Viktor Viktorovych Chanov (; 21 July 1959 – 8 February 2017) was a Ukrainian football goalkeeper. Throughout the 1980s in the former USSR, Chanov played mainly for FC Dynamo Kyiv.

Club career
Chanov was born in Stalino, Ukrainian SSR, Soviet Union. He joined the local club Shakhtar Donetsk at an early age, along with his brother Vyacheslav, also a goalkeeper. During the late 1970s to early 1980s Chanov performed exceptionally well and attracted the attention of the great Dynamo Kyiv. He transferred to Dynamo to compete for the number 1 jersey with Mykhaylo Mykhaylov, another goalkeeper of massive potential.

Initially, the moustached Chanov ousted Mikhailov and forced his way also into the USSR squad for the 1982 FIFA World Cup in Spain, as second choice behind Rinat Dasaev. Chanov won league titles in his first two seasons at Dynamo and was the first-choice keeper throughout, however injury forced him out of some games in early 1985, and Mikhailov regained his position. Chanov returned to fitness midway through the season but was unable to dislodge Mikhailov, whose form had persuaded Valery Lobanovsky to persist with him. Dynamo Kyiv won the cup that year and Mikhailov was instrumental in the success.
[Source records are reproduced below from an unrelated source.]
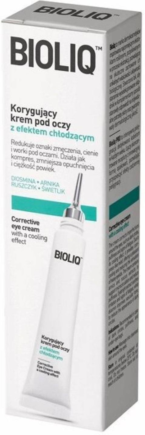 Korygujący krem pod oczy z efektem chłodzącym 10 ml Bioliq to marka dermokosmetyków inspirowana najcenniejszymi ekstraktami roślinnymi, pozyskiwanymi w procesie ekstrakcji, pozwalającej na skuteczne zachowanie ich unikalnych właściwości i aktywności biologicznej. Stworzona tak, aby starannie wyselekcjonowane składniki w komplementarny sposób stanowiły odpowiedź na indywidualne potrzeby skóry oraz gwarantowały dermatologiczną jakość. Bioliq PRO to intensywna pielęgnacja dedykowana kobietom w każdym wieku. Łączy skoncentrowane receptury z innowacyjną formą opakowań, pozwalając przyspieszyć efekty codziennej pielęgnacji. Bioliq PRO Korygujący krem pod oczy z efektem chłodzącym. Specjalistyczna formuła stworzona z myślą o codziennej pielęgnacji delikatnej i wrażliwej skóry wokół oczu, szczególnie narażonej na cienie, worki i oznaki zmęczenia. Preparat koryguje widoczne objawy niewyspania i zmęczenia, nadając świeżości spojrzeniu. Zawarte w kremie ekstrakty z arniki i ruszczyka wspomagają mikrokrążenie, zmniejszając opuchnięcia. Świetlik lekarski łagodzi podrażnienia i objawy zmęczenia, a diosmina poprawia napięcie naczyń krwionośnych, ograniczając widoczność sińców i cieni pod oczami. Korygujący krem pod oczy redukuje wszelkie zmiany w okolicy oka, te po nieprzespanej nocy i te towarzyszące ,,od zawsze”. Pozostawia delikatną skórę pod oczami gładką oraz o zdrowym kolorycie. Chłodzący efekt kremu działa jak kompres – szybko przywraca oczom wypoczęty, promienny wygląd, redukując poranne opuchnięcia i uczucie ciężkości powiek. Daje ukojenie nawet bardzo zmęczonym oczom. Efekty odczuwane bezpośrednio po aplikacji. Krem posiada pozytywną ocenę dermatologiczną i okulistyczną, również dla osób noszących szkła kontaktowe. Sposób użycia Nanieść na oczyszczoną skórę wokół oczu, także na powieki. Delikatnie wmasować. Stosować rano i/lub wieczorem. Unikać bezpośredniego kontaktu z oczami. Składniki Aqua, Isoamyl Laurate, Vitis Vinifera Seed Oil, Glycerin, Diosmine, Coco Caprylate/Caprate, Caprylic/Capric Triglyceride, Propanediol, Aloe Barbadensis Leaf Juice, 1,2-Hexanediol, Sodium Acrylates Copolymer, Arnica Montana Flower Extract, Euphrasia Officinalis Extract, Alteromonas Ferment Extract, Lecithin, Neoruscogenin, Ruscogenin, Tocopherol, Pentylene Glycol, Methyl Diisopropyl Propionamide, Hydroxyacetophenone, Citric Acid, Phenethyl Alcohol, Disodium EDTA, Parfum. Producent AFLOFARM FARMACJA POLSKA SP. Z O.O. Partyzancka 133/151 95-200 Pabianice Polska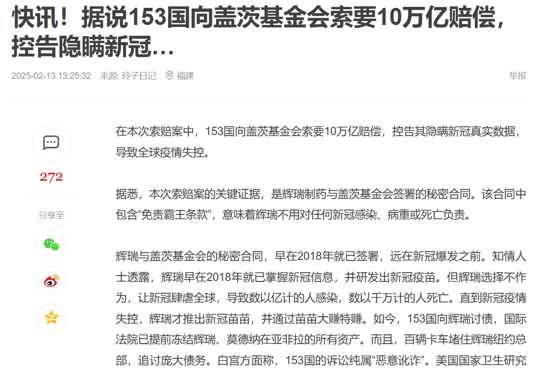 網傳「153 國向蓋茲基金會索取 10 萬億賠償,控告隱瞞新冠」的影片。經查證,傳言影片的內容為錯誤訊息,不存在 153 國針對 COVID-19 疫情或疫苗問題聯合向比爾蓋茲基金會索賠的事件,國際法院也沒有凍結輝瑞和莫德納的資產;而傳言中宣稱疫苗製造商在合約中有出事不用負責的霸王條款,其敘述也並不正確,疫苗製造商會有法律豁免權是為了鼓勵研發疫苗、避免因為訴訟風險而影響到公共健康,但這並不代表如果有民眾在接種疫苗後發生嚴重副作用就無法獲得補償,各國均有相關的藥害救濟管道。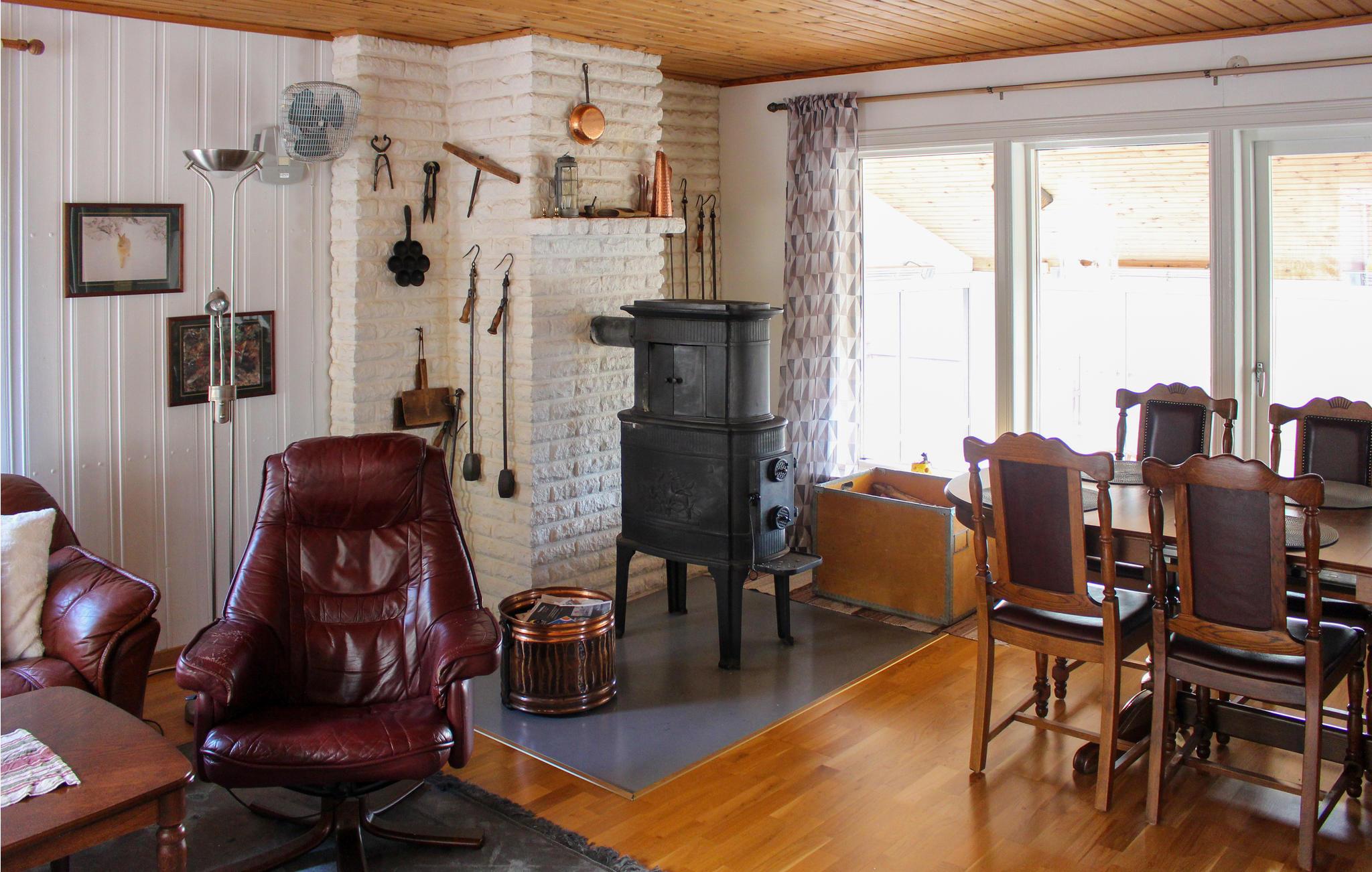 I huset findes en opholdsstue med brændeovn til hyggelige stunder. Køkkenet er et landkøkken med opvaskinemaskine. Huset er perfekt til en familie, her findes 3 soveværelser samt et vaskerum. Ved huset findes en stor havestue samt en åben terrasse, hvor I kan nyde de dejlige, solrige dage.

In 1986, Lobanovsky had decisions to make on the goalkeeping front. Chanov was selected as the first-choice goalkeeper, and was in goal as Dynamo lifted the European Cup Winners Cup, defeating Atlético Madrid 3–0 in Lyon. He played with an injured hand in the final. Chanov played 202 games for Dynamo.

Israel
In 1990, Chanov played out his last season Dynamo Kyiv and moved to spend his remaining days in Israel with Maccabi Haifa. He was signed by then-manager Shlomo Sharf to take the place of Giora Antman, arriving in Israel two days after Antman gave up five goals in a 5–0 drubbing by Maccabi Netanya. Chanov was immediately successful in goal, breaking a club record of four clean sheets in his first four matches. He won a league and cup double in his first season and later added the Israeli cup.

International career
In the summer of 1986 Chanov travelled to Mexico for the World Cup Finals with the USSR squad, again as back-up for Dasaev. He made a solitary appearance against Canada in a "dead rubber" match at the end of the first-round stage.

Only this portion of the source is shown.